According to the designer, there is also a constant demand for summer garments throughout the year. “Shopping starts in February, but if I decided to bring out spring dresses in December, I would also sell them. I see that it is also fueled by a certain illusion, by the idyllic image of the Mediterranean, of dressing for a vacation in Italy. People copy a lot of these people, and you don’t know where they come from, where they live, or how they pay for all of it.”
A summer of tomatoes and down jackets
In the world of TikTok, last summer was the summer of the tomato girl, a digital version of dolce vita repackaged for the Z generation. Over the past few months, our social media has been filled with stylish girls walking around with straw baskets, and beautiful people gorging themselves on spaghetti. Suddenly, everyone wanted to take pictures of themselves in Levante, as if they had landed in Amalfi. The second season of The White Lotus, which was shot in sumptuous Sicily, has helped make this aesthetic so aspirational. Videos tagged as “tomato girl summer” on TikTok racked up 62 million views in September, and brands took note. The U.S. boutique Lisa Says Gah launched capsule collections of garments printed with Spanish-style tapas, baguettes, lemons and, of course, tomatoes. In turn, the Spanish brand Compañía Fantástica marketed pieces with illustrations of shrimp in a perfect orangey-pink color. Meanwhile, the residents of those popular areas in southern Europ e— probably oblivious to the trend on social media — protected themselves from the heat wave by keeping their blinds down all the time and not setting foot outside until nightfall.

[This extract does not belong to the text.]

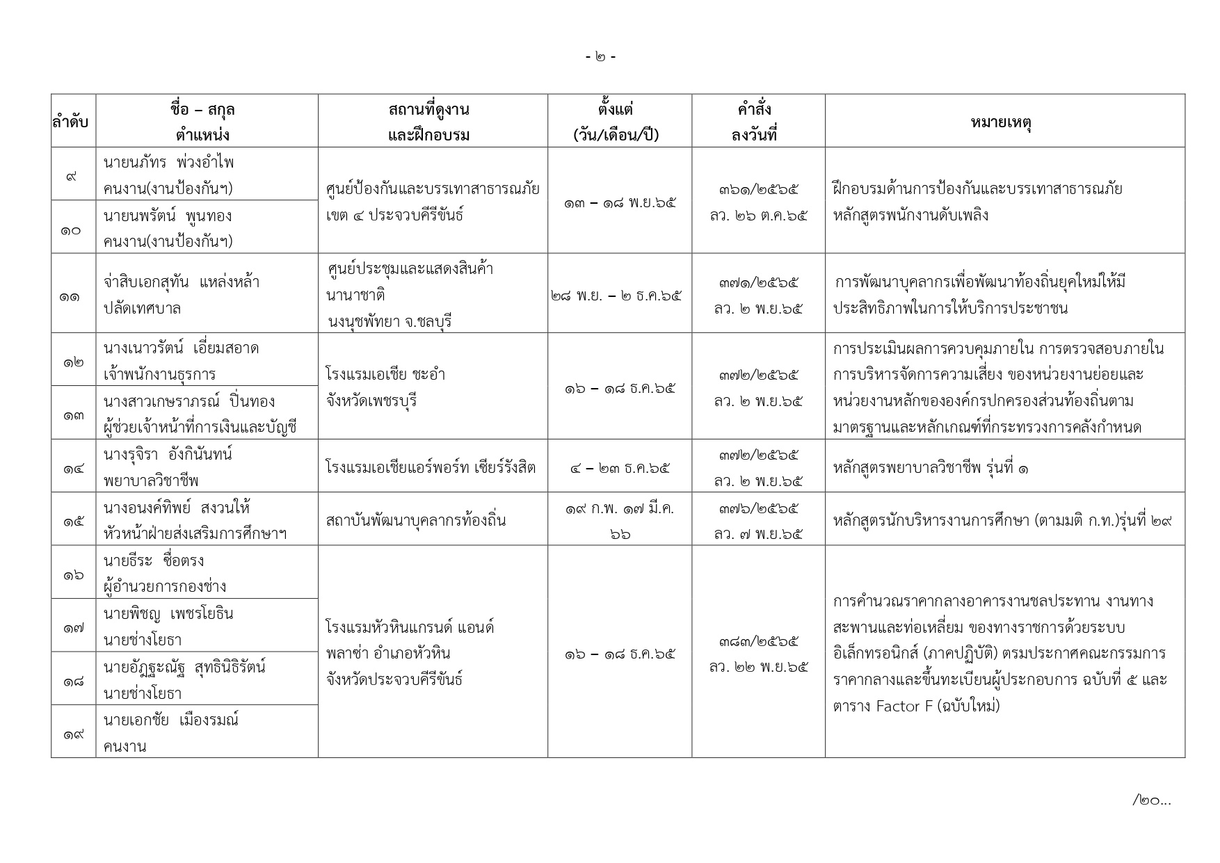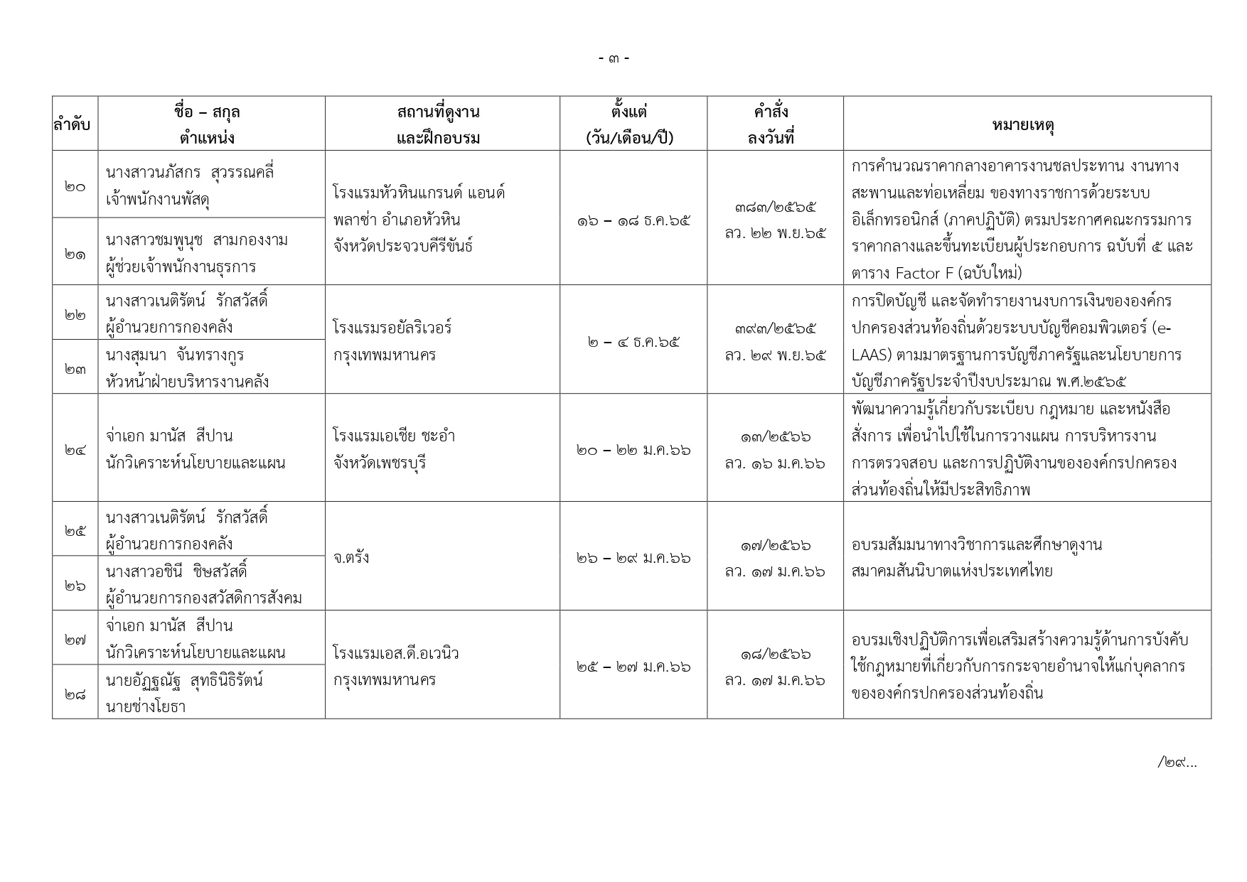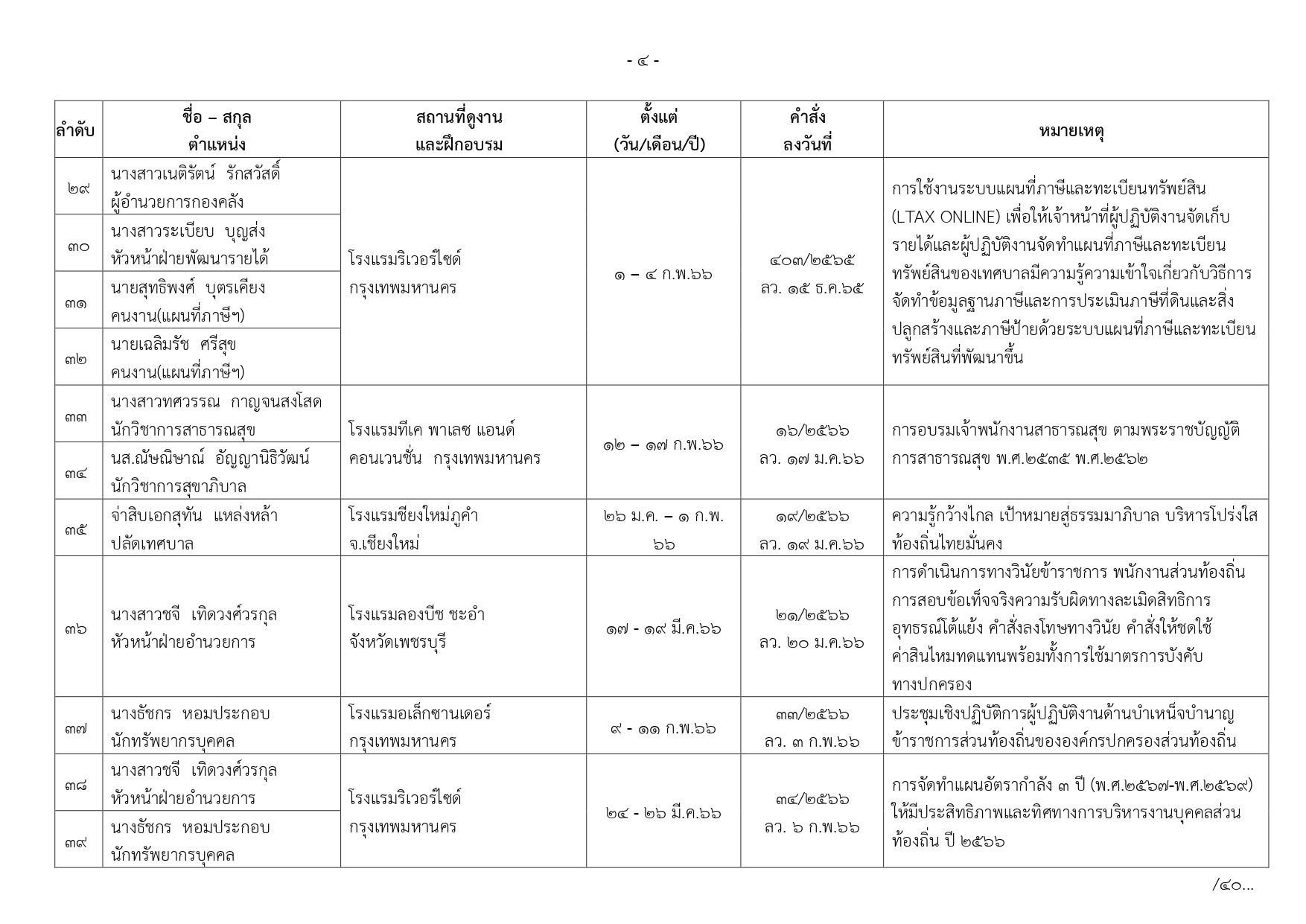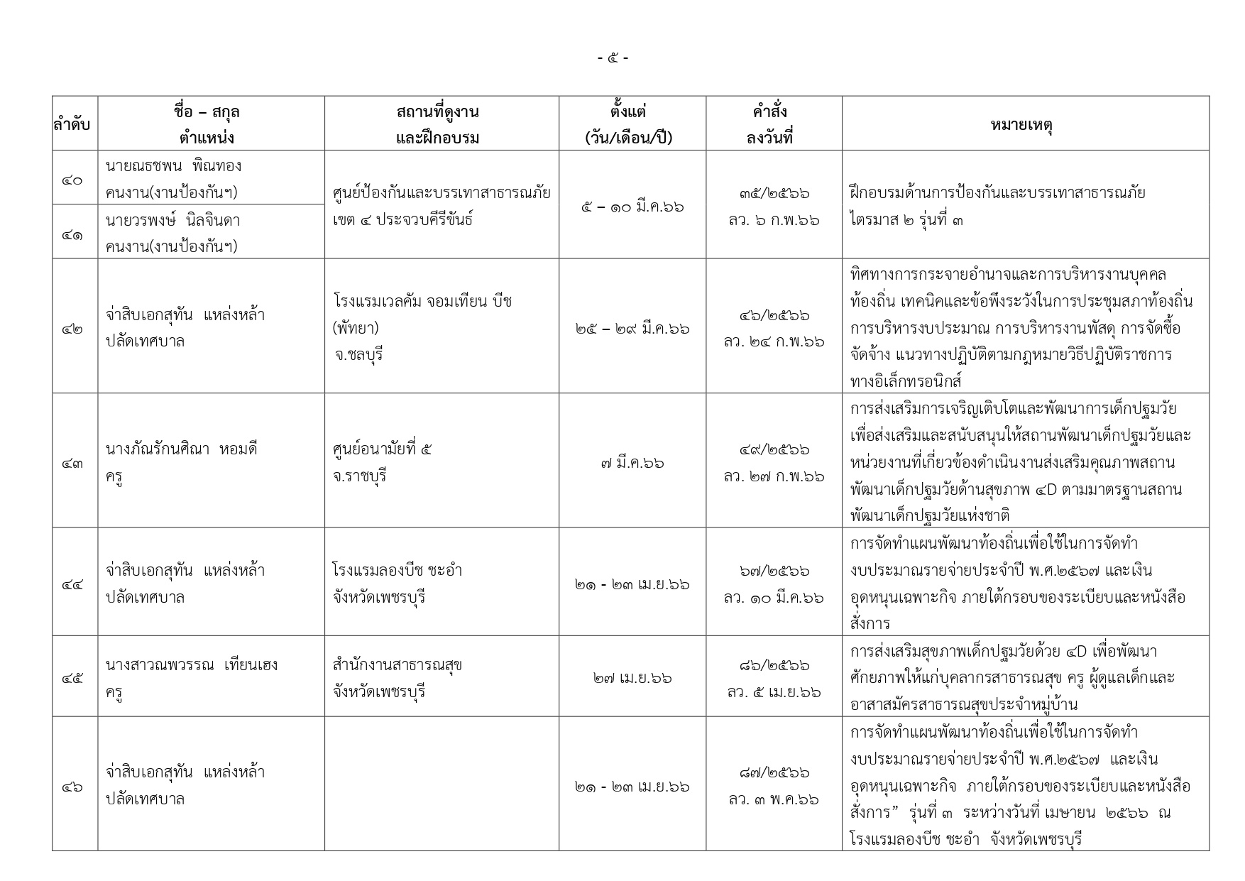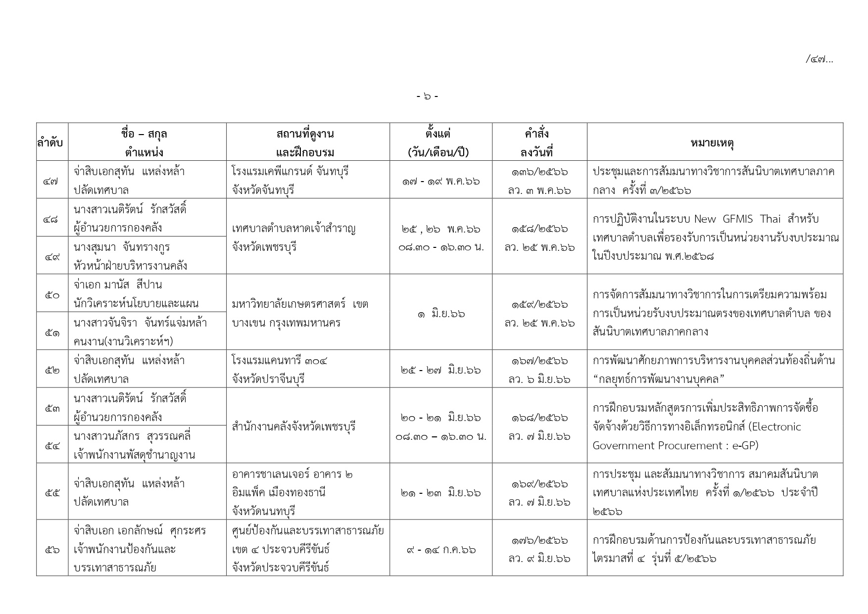 ทะเบียนการศึกษาและอบรมดูงาน ประจำปี2566 เทศบาลตำบลเขาย้อย

In the midst of this eternal summer, there is the curious phenomenon of wearing a trendy down jacket to take in the sun. Who hasn’t rolled their eyes at someone wearing a North Face jacket and Nike Air Force sneakers to have a vermouth on a terrace? The figures confirm that the increasingly shorter winter is not causing problems for The North Face. Yes, the 1996 Retro Nuptse jacket model has been seen in high schools as well as at trap concerts. And it has connected the closets of Los Angeles it-girls like Kendall Jenner and Hailey Bieber to the wardrobes of Sunday commuters in the mountains of Madrid, Spain. In May, the brand reported a 12% increase in profits for the year’s fourth quarter, despite VF Corp, the U.S. company that owns The North Face, raising prices.

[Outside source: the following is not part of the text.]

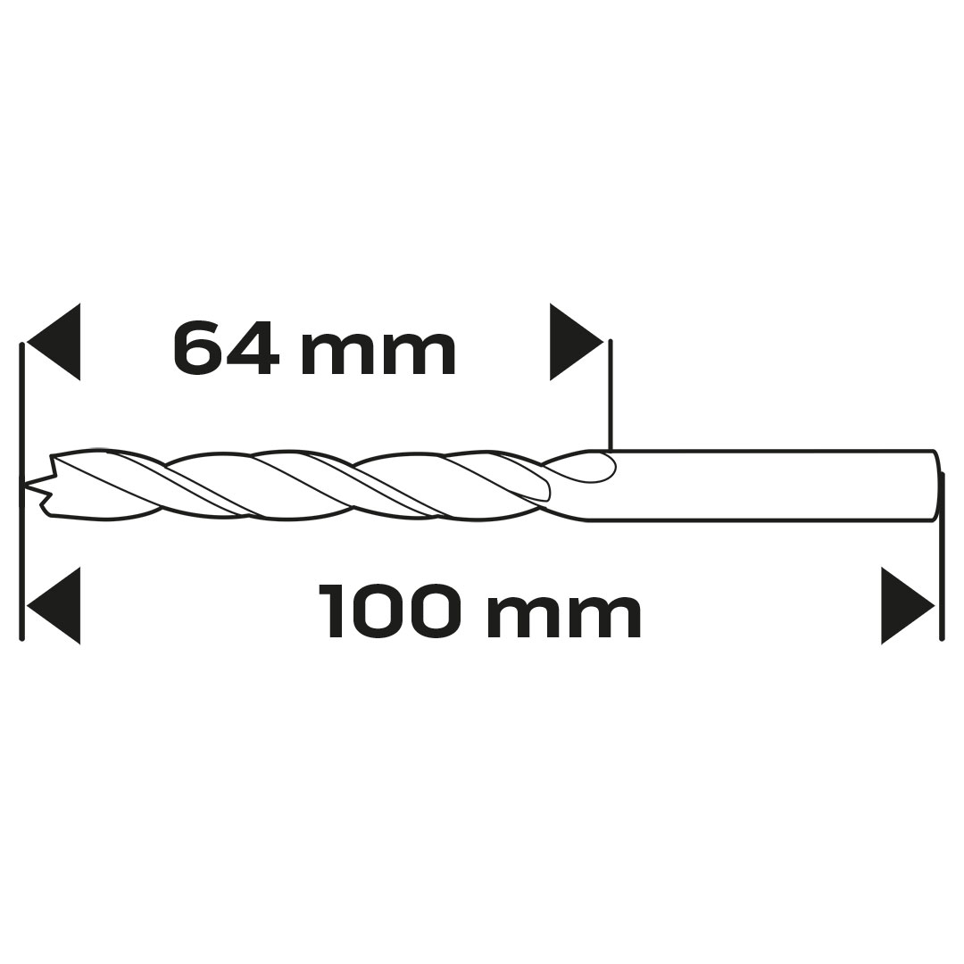 Wiertło do drewna spiralne, średnica 7 mm, długość całkowita 100 mm, długość robocza 64 mm, chwyt cylindryczny

Is this trend the result of brand-name bias, denialism or pure dissociation? It could simply be a testament to people’s enormous capacity for daydreaming. Wearing a Nuptse when a denim jacket would suffice is, in a way, wanting to think that glaciers will stay in place, dreaming that it will snow at Christmas and that Santa Claus will continue to deliver presents in his sleigh. And in this fantasy that we’ve established, there’s no better company than fashion, which is always there, ready to fuel pipedreams.